§ WORK TASK: All pictures must be left out as you transcribe the lines from the first line of the data to the line containing "続いては,2年生たちのお迎え", both included.

§ DATA FOR THIS TASK:
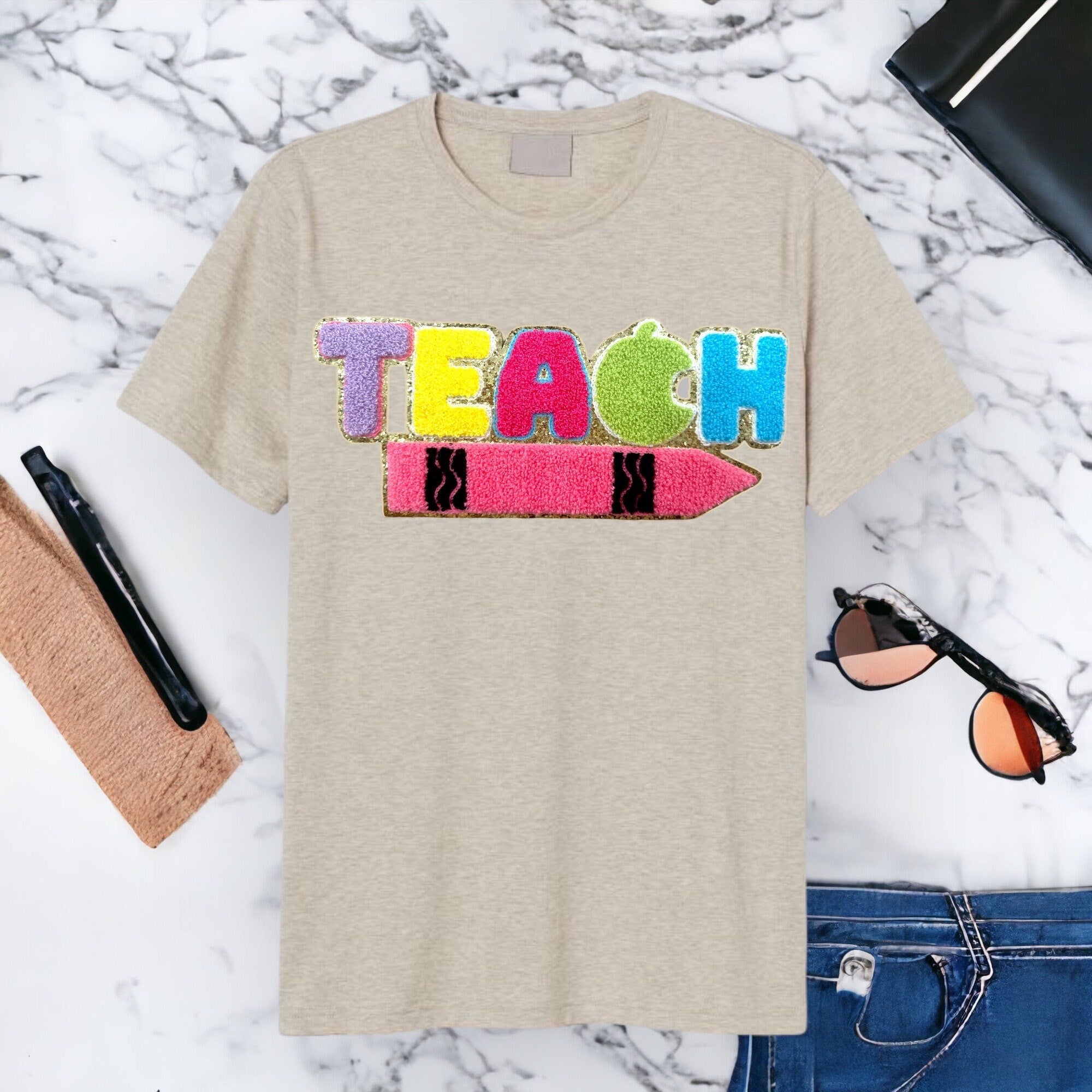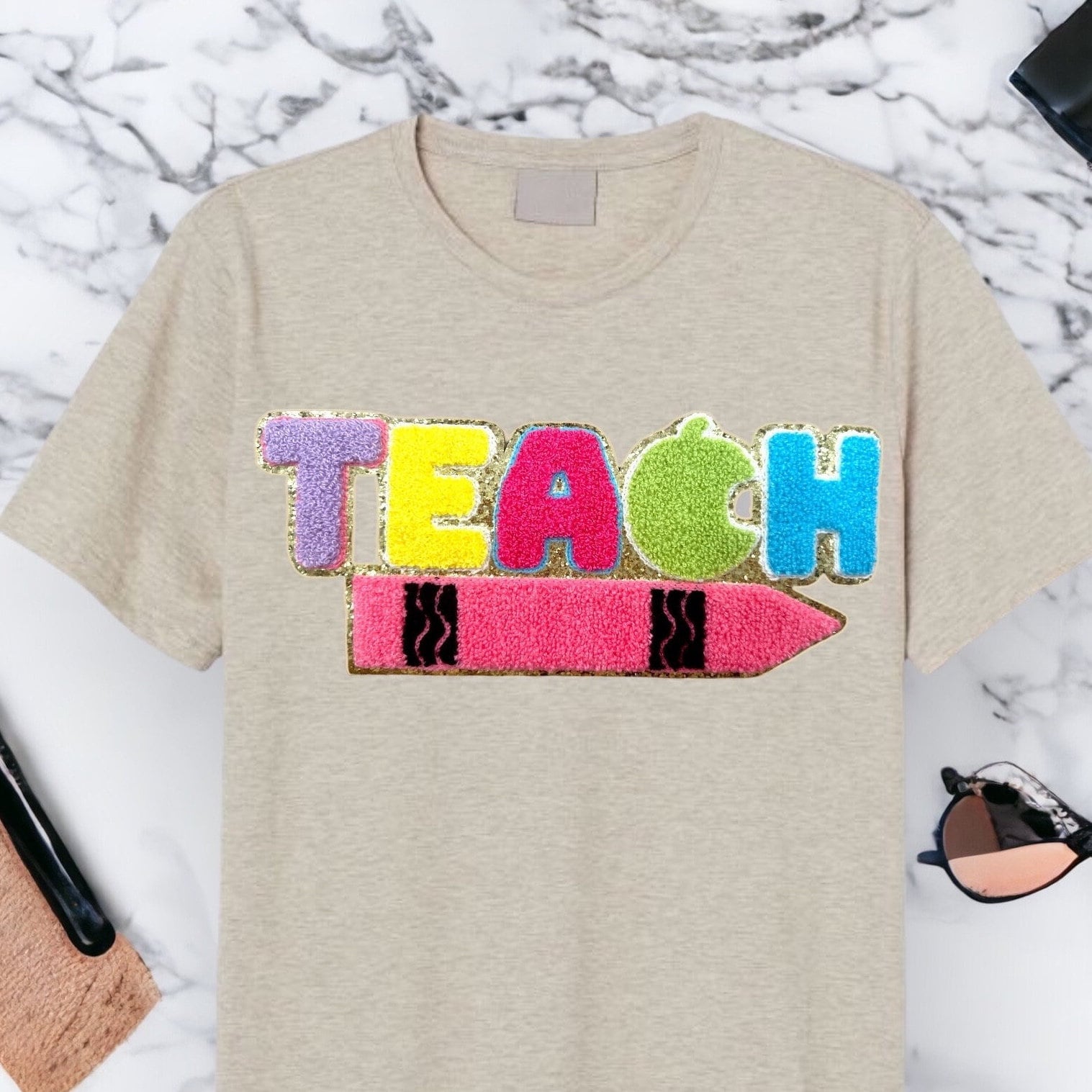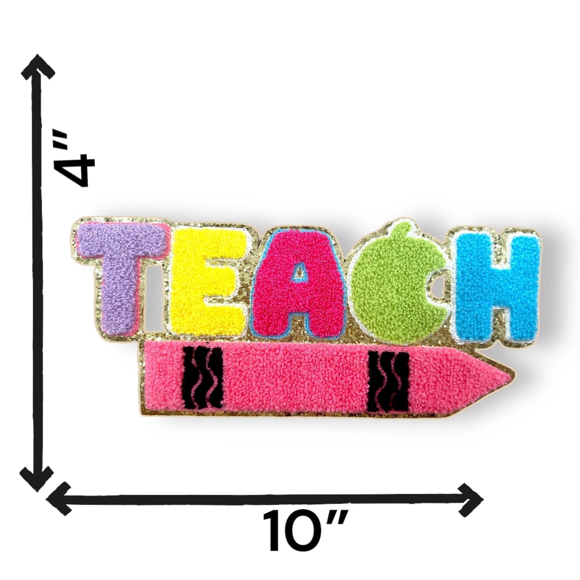 Teach Patch - Iron On Glitter Chenille Patch, chenille letters, teacher , homeschool mom sweatshirt, Teacher sweatshirt 10” x 4”
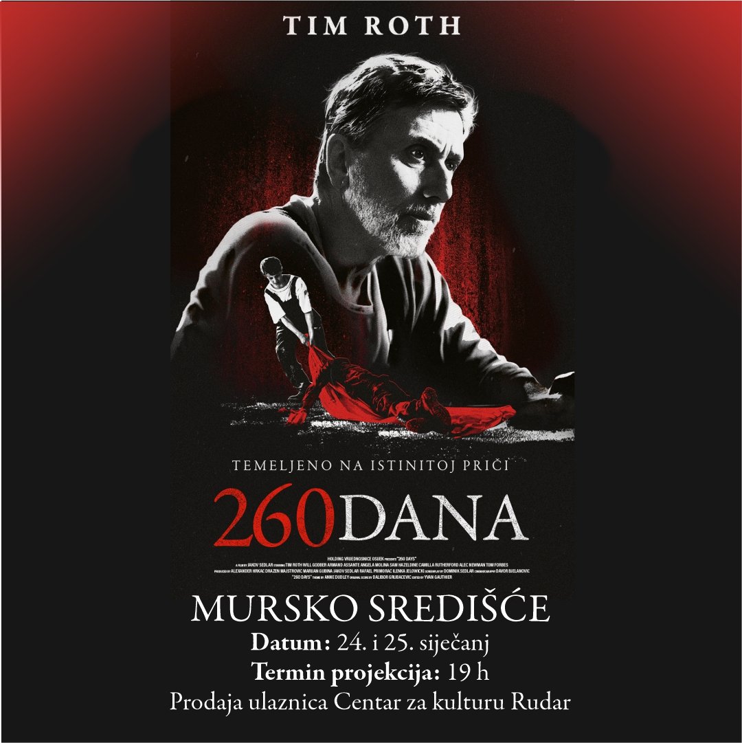 Pozivamo vas na projekcije filma “260 dana” Jakova Sedlara koje će se održati 24. i 25. siječnja u Centru za kulturu Rudar u Murskom Središću, s početkom u 19.00 sati.
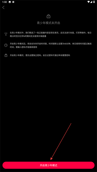 4、熟知青少年模式的規(guī)則后,點(diǎn)擊開啟的按鈕即可完成。
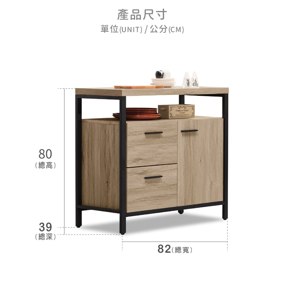 ASSARI-佐久間日式2.7尺餐櫃下座(寬82x深39x80cm)
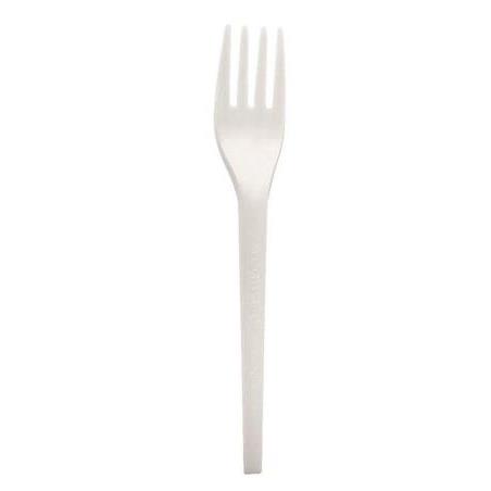 Tenedor fabricado con almidón de maíz CPLA puro, lo que le confiere una compostabilidad del 100% y una buena rigidez. Acepta temperaturas hasta 85ºC.
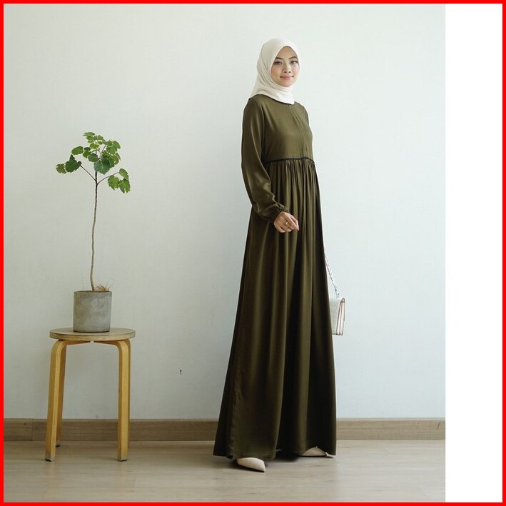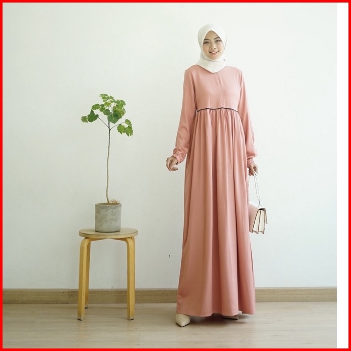 Le Khari Dress Aira Basic Gamis Polos Rayon Tebal Adem Homedress Twill Busui Gamis Rayon
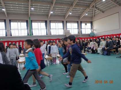 続いては,2年生たちのお迎えの言葉です。前に出るときの,隊列の組み方が最高です。長い挨拶の言葉も,順番を間違えずに,しっかりと言えました。
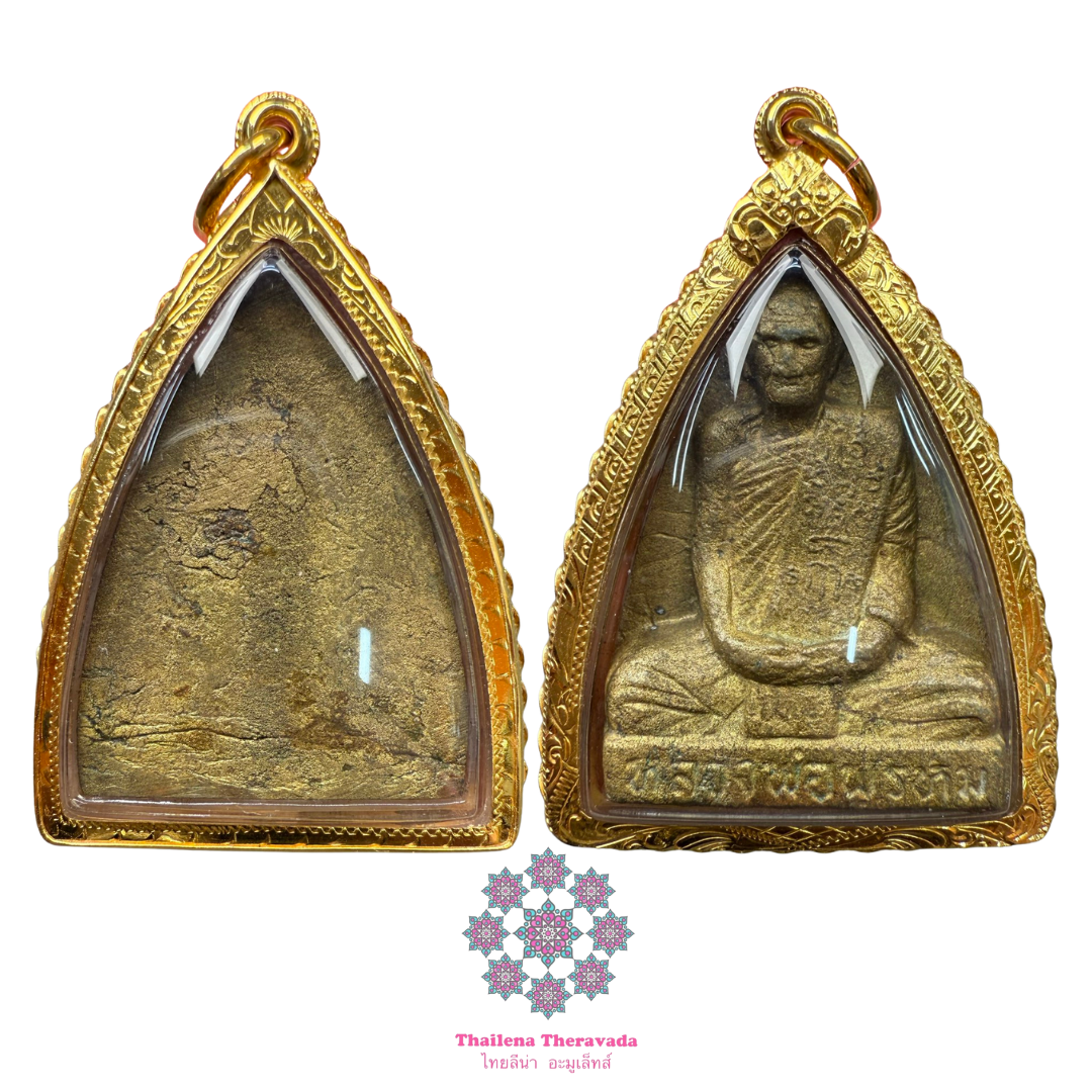 龍婆碰 瓦衝給 佛歷2516年 鐘料立尊 薩馬空卡 Luang Phor Phrom, Wat Chong Kae, Roopmuen Pump Pim Khao Kwang Lung Riep, Nur Thong Rakang BE.2516 With Samakom Cert自古僧至今有無數的修行上師,特別碰有一位與高修士和聖詣!師傅生於佛歷2426年4月12日,在nakhon sawan省的一個小地方!是個四口之家,龍婆碰為家中長子,但在年幼的時候家中出了變故,除了師傅以為父母與弟弟相繼離世,自始龍婆碰便跟隨當地一位有名的阿贊學習佛法及法術!師傅雖然年紀小,卻飽讀詩書,喜歡閱讀佛語書籍,並且自學了高棉語,在2447年3月15日,師傅輾轉來到大城府,在banphraek的一座寺廟跟隨龍婆進行正規的高棉語學習,直到他能用流利的運用並開始用高棉語進行內觀修。龍婆碰天資聰穎,得到了導師的重視與喜愛,直到五年後,龍婆碰得知其祖父過世,師傅很傷心,因為世上唯一的親人也離世,他決定回去幫祖父處理後事,就辭別導師,返回家鄉!至此以後龍婆碰就開始了一個人修行!師傅徒步遠足禪旅,穿過緬甸,馬納特,Chedada Kong Pagoda,在群山與深林中修行,幾年後又徒步返回泰國!在山里,師傅路過一處山洞,內裡清幽,龍婆碰留下來在此休息,夜晚竟於夢中與高人交流佛法,而這位僧人有人說是龍婆登以及龍婆登的師傅(不做註解),醒來後師傅就決定在山洞中修行!那時正逢旱季,山下的村落已經接連幾月不落一滴雨,天氣又異常悶熱,就有村民決定上山去找水源!他們來到山洞外面,往裡面看去,只見有一束白光屏障,村民很驚奇,覺得可能是有神仙在此,就趕緊跪拜,只聽裡面龍婆碰說:進來吧,我想我能幫你們!村民大驚,原來是有人在裡面!他們就進去,與龍婆碰說明來意,希望龍婆碰能幫他們!師傅走出洞穴,坐在一塊大石頭上,靜靜地念了一會經,然後一指天,又雙手合十念了一次咒語,就對村民說,回去吧!就要下雨了!村民跪謝之後,返回的途中開始大雨傾盆!他們返回村子,井裡的水已經快溢出來了,小河也有滿滿的水,這場大雨接連下了三天!從此龍婆碰就被村民稱為指天求雨神僧,他們都來參拜師傅,還有人邀請師傅下山去寺廟做主持!龍婆碰也欣然答應,下山來到一個寺廟,裡面只有兩個和尚沒有主持,師傅就做了主持並改寺廟名為瓦衝給。師傅自此再也沒有離開瓦衝給,度過了餘生的54年。
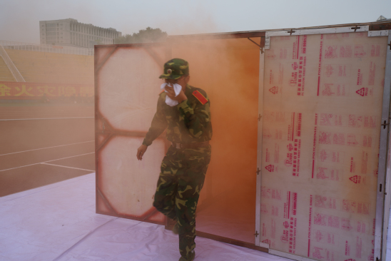 会上,南湖消防中队进行了墙壁消火栓和使用方法展示、消防高空救援展示、防爆灭火机器人喷水展示、消防车喷水展示。我校公安处相关工作人员为学生们介绍了如何使用干粉灭火器、如何扑救初起火灾等基本消防安全知识,并进行演示。参加演练的2019级学生进行了“烟气体验房”应急疏散逃生、使用干粉灭火器灭火等科目的演练。
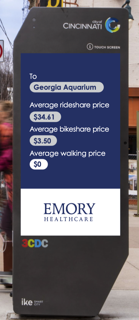 We pitched an interactive street kiosk packed with gadgets. It calculated the real-time cost of a rideshare & bikeshare to Atlanta’s hottest spots, updating every hour to remind passersby exactly how much they’d save (and how much healthier they’d be) by choosing the heart-friendly way to get there.
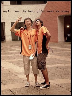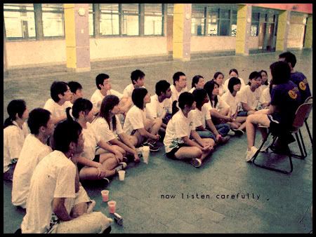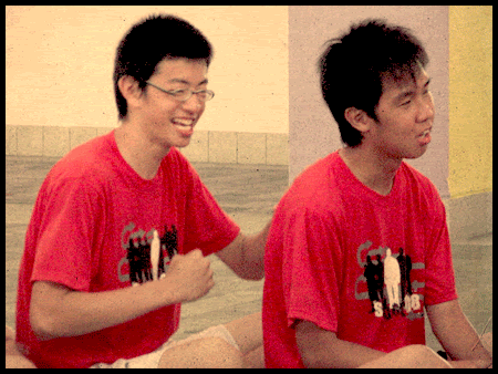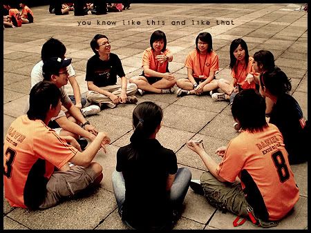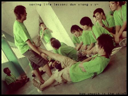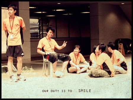 Guang Yunthe first time, FMO of course. where the mass meeting is held & end of it, u just stand up and "nag" at everyone else. guys, its the last 3 days bla bla bla. haha then when jewelry came to talk to wenfang&me u came and intro urself. "Hi, i'm guang yu, not lee guan yew." seriously i think my first impression of you is kinda bad eh~ but nevertheless u are a fun guy. yet sometimes irritating but tt's ur style. but i think u are still one guy who want some quiet times because i think i was the only person who saw u sitting alone behind the staircase door :] ❤
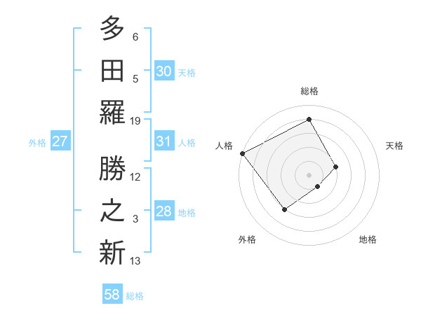 多田羅 勝之新さんを姓名の画数から五運を鑑定
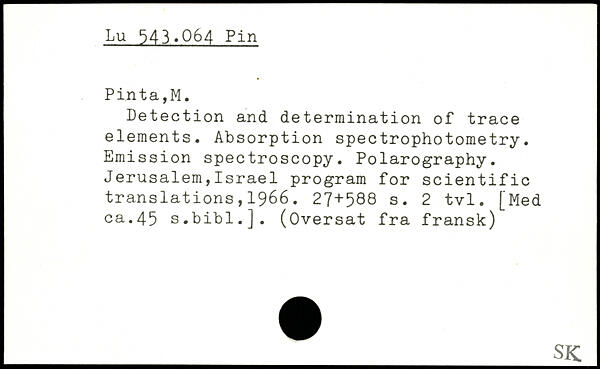 Detection and determination of trace elements. Absorption spectrophotometry. Emission spectroscopy. Polarography. Jerusalem,Israel program for scientific translations,1966.

§ REPLY TO THE EXERCISE:
 Teach Patch - Iron On Glitter Chenille Patch, chenille letters, teacher , homeschool mom sweatshirt, Teacher sweatshirt 10” x 4”
 Pozivamo vas na projekcije filma “260 dana” Jakova Sedlara koje će se održati 24. i 25. siječnja u Centru za kulturu Rudar u Murskom Središću, s početkom u 19.00 sati.
 4、熟知青少年模式的規(guī)則后,點(diǎn)擊開啟的按鈕即可完成。
 ASSARI-佐久間日式2.7尺餐櫃下座(寬82x深39x80cm)
 Tenedor fabricado con almidón de maíz CPLA puro, lo que le confiere una compostabilidad del 100% y una buena rigidez. Acepta temperaturas hasta 85ºC.
 Le Khari Dress Aira Basic Gamis Polos Rayon Tebal Adem Homedress Twill Busui Gamis Rayon
 続いては,2年生たちのお迎えの言葉です。前に出るときの,隊列の組み方が最高です。長い挨拶の言葉も,順番を間違えずに,しっかりと言えました。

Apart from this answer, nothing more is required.